Each record here should be printed again exactly; please leave its pictures out.

Entries provided section start

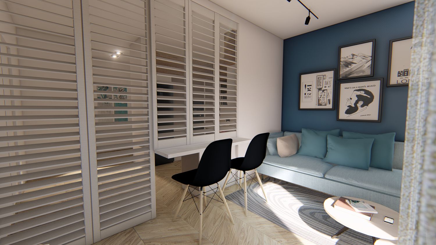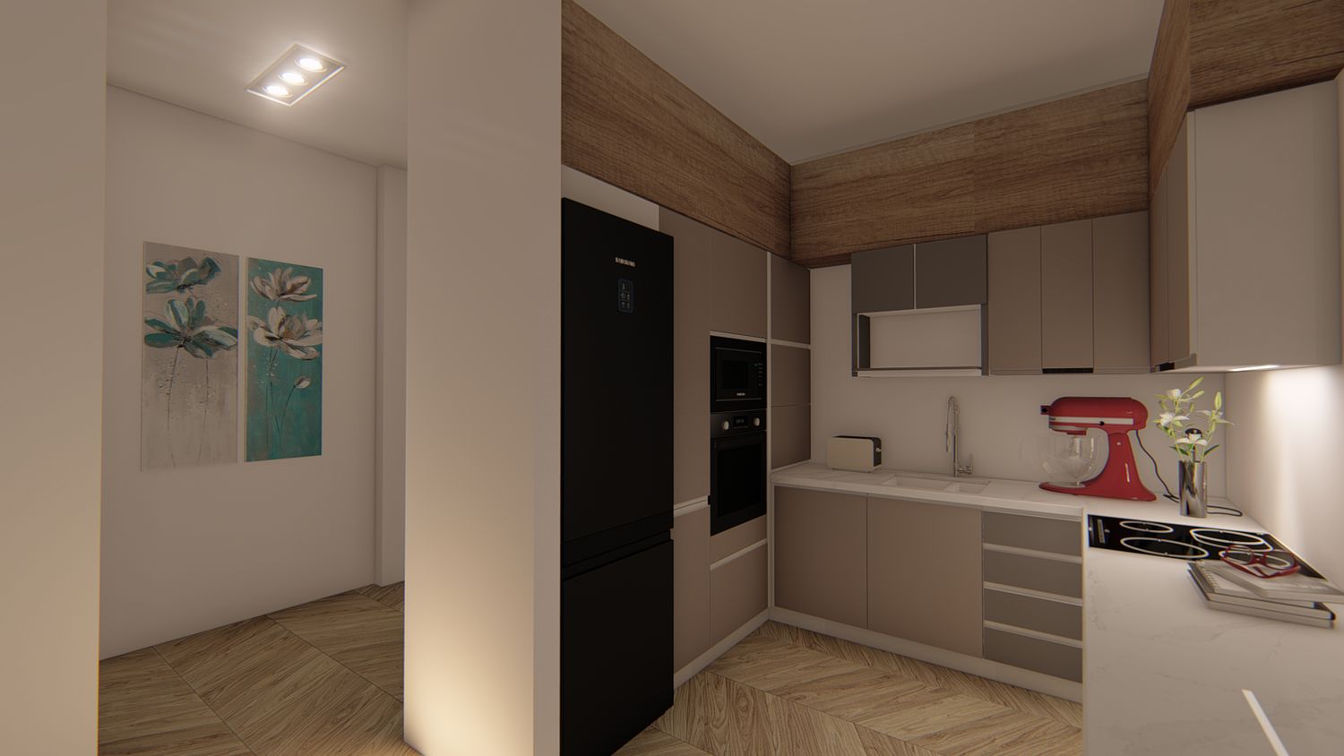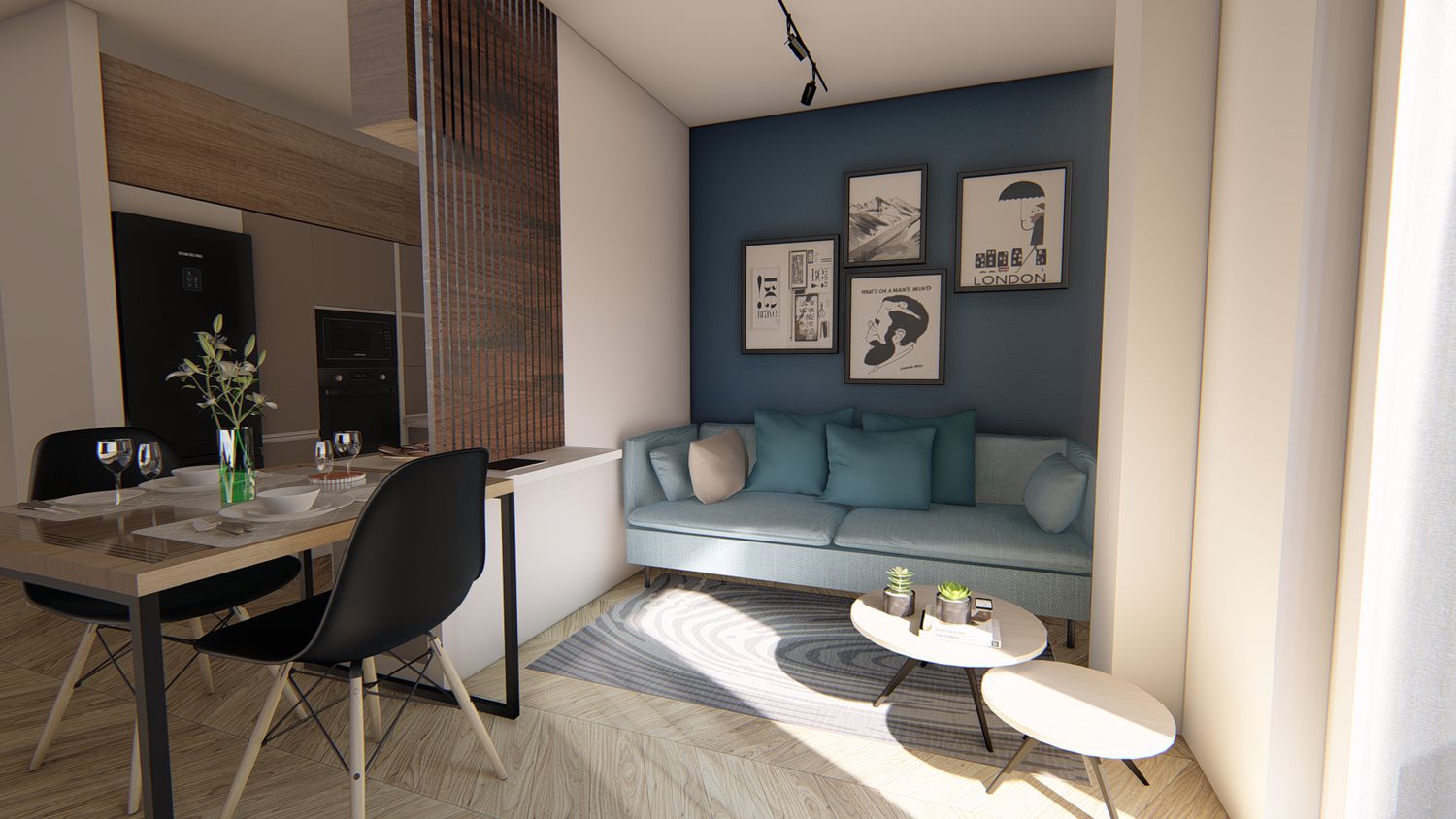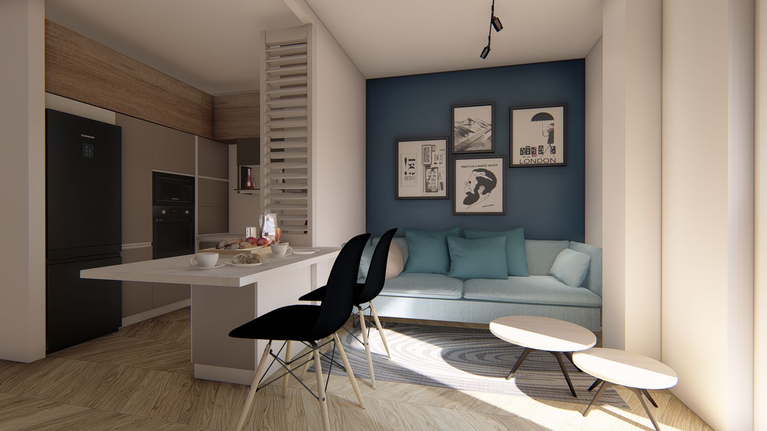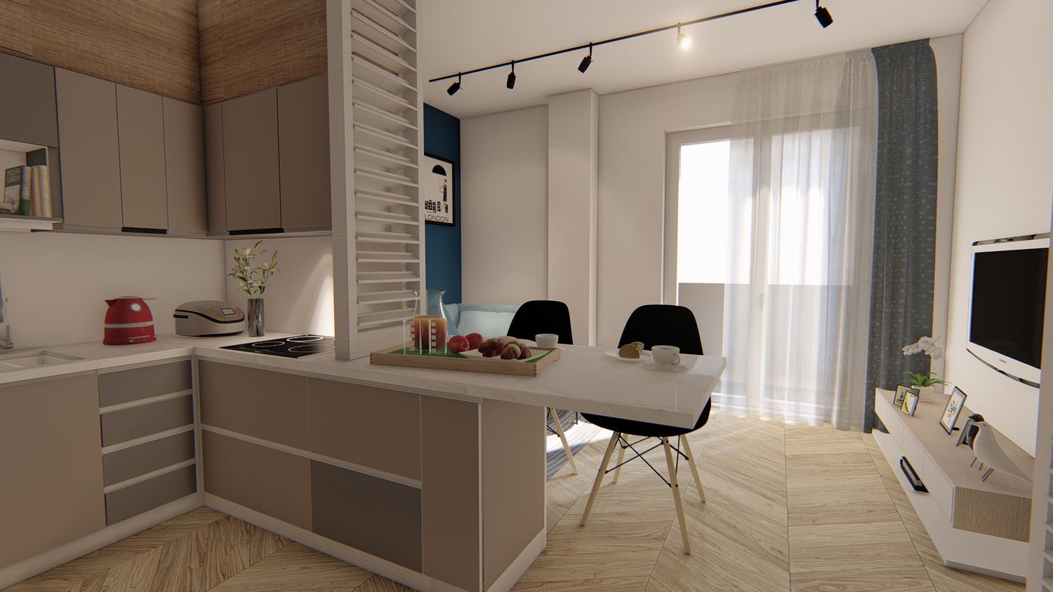1. parete in cartongesso, chiusa a tutt'altezza per i primi 140 cm dal muro perimetrale, e poi chiusa solo fino al top cucina, e a listelli di legno verticali per la restante altezza. L'area più vicina alla porta finestra diventa lo spazio soggiorno, con divano e mobile TV; completa l'arredo un tavolo da pranzo di dimensioni compatte, eventualmente pieghevole per poter essere chiuso e riposto all'occorrenza. Nell'area di ingresso, viene inserita una scarpiera alta.
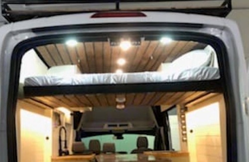 Hi I'm Leroy! I am a 2015 Ford Transit ECO-Boost. My owners recently had me fully renovated to be the epitome of modern style and comfort. I come fully equipped to seat and sleep a 4 person family with my 2 full-sized beds. I have a gas stove, electric fridge/freezer, portable propane heater, 15 gallon water supply, and 6 gallon road shower. My kitchen comes fully stocked with cookware and cleaning supplies. I also have a custom roof rack, which can fit an additional pop-up tent, paddle boards, bikes, or anything else you wish to bring on your adventure. For your privacy all windows are limousine tinted and come with black-out curtains. My owners take pride in your comfort and safety!
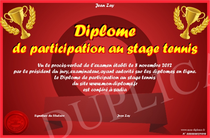 Envoyez par email votre Diplôme de participation au stage tennis personalisé
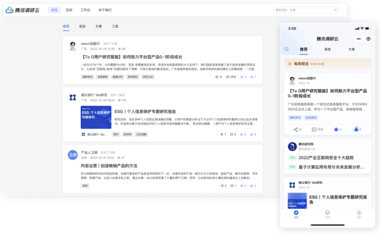 平台将免费开放多年来沉淀的研究报告、调研干货、实用工具、独家洞察等内容,供业内人士使用及交流。目前,已有近千份研究报告上传发布,涵盖金融、电商、科技、互联网等多个领域。
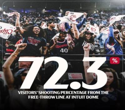 “墙”真有用!快船主场直觉巨蛋的客队罚球命中率72.3%联盟最低
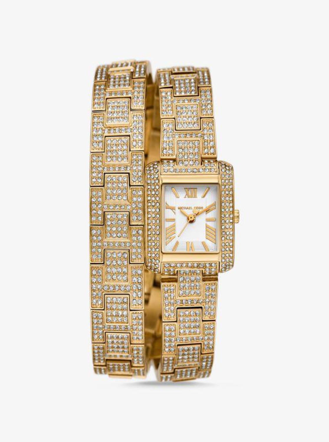Petite Emery Pavé Gold-Tone Double Wrap Watch
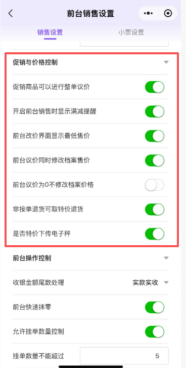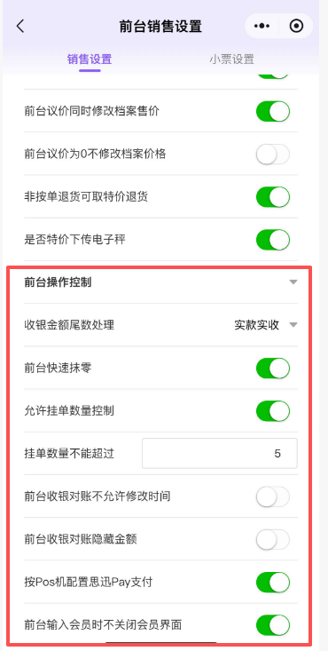 前台快速抹零:启用后,在前台结账界面,可以快速手动抹零,包括抹分、抹角、抹到伍角、抹元。
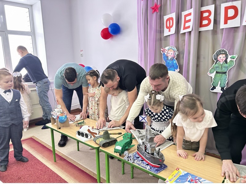 Каждый год в конце зимы, 23 февраля, наша страна отмечает праздник – День защитника Отечества. Это праздник доблести, мужества, чести и любви к Родине. Это праздник настоящих мужчин — смелых и отважных, ловких и надёжных, а также праздник мальчиков, которые вырастут и станут защитниками Отечества. В нашей группе прошло мероприятие «Армейский день», где дошколята узнали, чем занимаются настоящие защитники Отечества. В гости к детям пришли папы и дедушки. Ребята играли в игры «Построение», «Летчики, пилоты», «Накорми папу завтраком», «Рассортируй овощи и фрукты». Отгадывали загадки на армейскую тематику, вспомнили пословицы и поговорки о солдатской еде. Папы поделились своим мастерством по изготовлению настоящих солдатских пилоток. Праздник продолжился парадом военной техники. Сделанные своими руками самолёты, танки, корабли стали гордостью детей и их семей. В заключение славного армейского дня дети вручили папам и дедушкам памятные подарки.
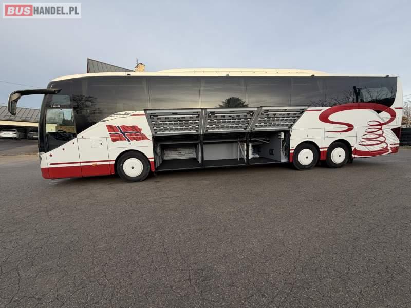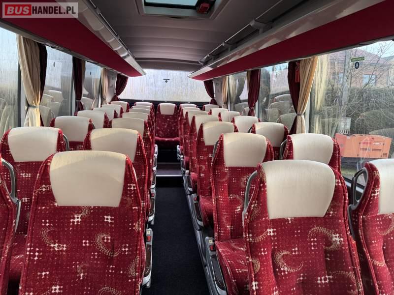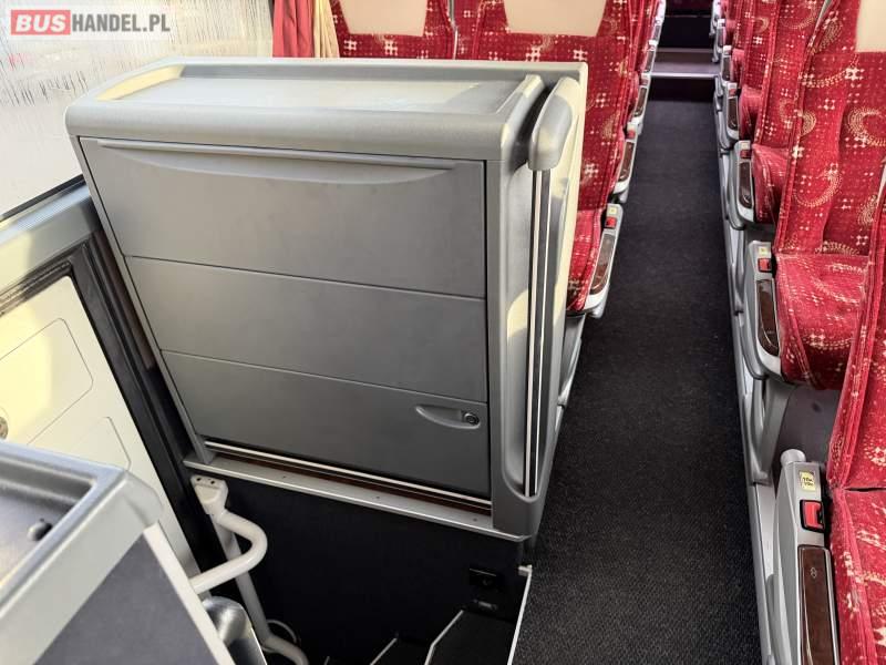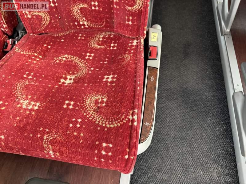 : WC, lodówka, caffebar, oświetlenie indywidualne, nawiewy dyszowe, siateczki, ABS, ASR, tempomat, retarder, podnóżki, stoliczki, mikrofon, klimatyzacja, sejf, regulacja wysokości nadwozia, centralny zamek, podwójne szyby boczne, wspomaganie kierownicy, elektryczne lusterka, fotele odchylane i rozsuwane, DVD, ogrzewanie stacjonarne, ESP
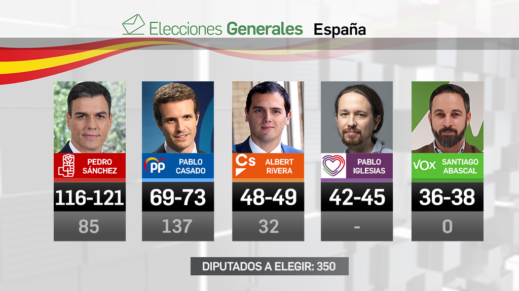 El Partido Socialista habría ganado las elecciones generales de este domingo por una amplia mayoría aunque requiere necesariamente de futuros pactos para gobernar, ya que obtendría entre 116 y 121 escaños según el sondeo de GAD 3 para Canal Sur. Eso supone mejorar en mucho el resultado de 2016 cuando obtuvo 85 escaños, el peor resultado de su historia.

Entries provided section end

• Answer to the problem:
1. parete in cartongesso, chiusa a tutt'altezza per i primi 140 cm dal muro perimetrale, e poi chiusa solo fino al top cucina, e a listelli di legno verticali per la restante altezza. L'area più vicina alla porta finestra diventa lo spazio soggiorno, con divano e mobile TV; completa l'arredo un tavolo da pranzo di dimensioni compatte, eventualmente pieghevole per poter essere chiuso e riposto all'occorrenza. Nell'area di ingresso, viene inserita una scarpiera alta.
 Hi I'm Leroy! I am a 2015 Ford Transit ECO-Boost. My owners recently had me fully renovated to be the epitome of modern style and comfort. I come fully equipped to seat and sleep a 4 person family with my 2 full-sized beds. I have a gas stove, electric fridge/freezer, portable propane heater, 15 gallon water supply, and 6 gallon road shower. My kitchen comes fully stocked with cookware and cleaning supplies. I also have a custom roof rack, which can fit an additional pop-up tent, paddle boards, bikes, or anything else you wish to bring on your adventure. For your privacy all windows are limousine tinted and come with black-out curtains. My owners take pride in your comfort and safety!
 Envoyez par email votre Diplôme de participation au stage tennis personalisé
 平台将免费开放多年来沉淀的研究报告、调研干货、实用工具、独家洞察等内容,供业内人士使用及交流。目前,已有近千份研究报告上传发布,涵盖金融、电商、科技、互联网等多个领域。
 “墙”真有用!快船主场直觉巨蛋的客队罚球命中率72.3%联盟最低
Petite Emery Pavé Gold-Tone Double Wrap Watch
 前台快速抹零:启用后,在前台结账界面,可以快速手动抹零,包括抹分、抹角、抹到伍角、抹元。
 Каждый год в конце зимы, 23 февраля, наша страна отмечает праздник – День защитника Отечества. Это праздник доблести, мужества, чести и любви к Родине. Это праздник настоящих мужчин — смелых и отважных, ловких и надёжных, а также праздник мальчиков, которые вырастут и станут защитниками Отечества. В нашей группе прошло мероприятие «Армейский день», где дошколята узнали, чем занимаются настоящие защитники Отечества. В гости к детям пришли папы и дедушки. Ребята играли в игры «Построение», «Летчики, пилоты», «Накорми папу завтраком», «Рассортируй овощи и фрукты». Отгадывали загадки на армейскую тематику, вспомнили пословицы и поговорки о солдатской еде. Папы поделились своим мастерством по изготовлению настоящих солдатских пилоток. Праздник продолжился парадом военной техники. Сделанные своими руками самолёты, танки, корабли стали гордостью детей и их семей. В заключение славного армейского дня дети вручили папам и дедушкам памятные подарки.
 : WC, lodówka, caffebar, oświetlenie indywidualne, nawiewy dyszowe, siateczki, ABS, ASR, tempomat, retarder, podnóżki, stoliczki, mikrofon, klimatyzacja, sejf, regulacja wysokości nadwozia, centralny zamek, podwójne szyby boczne, wspomaganie kierownicy, elektryczne lusterka, fotele odchylane i rozsuwane, DVD, ogrzewanie stacjonarne, ESP
 El Partido Socialista habría ganado las elecciones generales de este domingo por una amplia mayoría aunque requiere necesariamente de futuros pactos para gobernar, ya que obtendría entre 116 y 121 escaños según el sondeo de GAD 3 para Canal Sur. Eso supone mejorar en mucho el resultado de 2016 cuando obtuvo 85 escaños, el peor resultado de su historia.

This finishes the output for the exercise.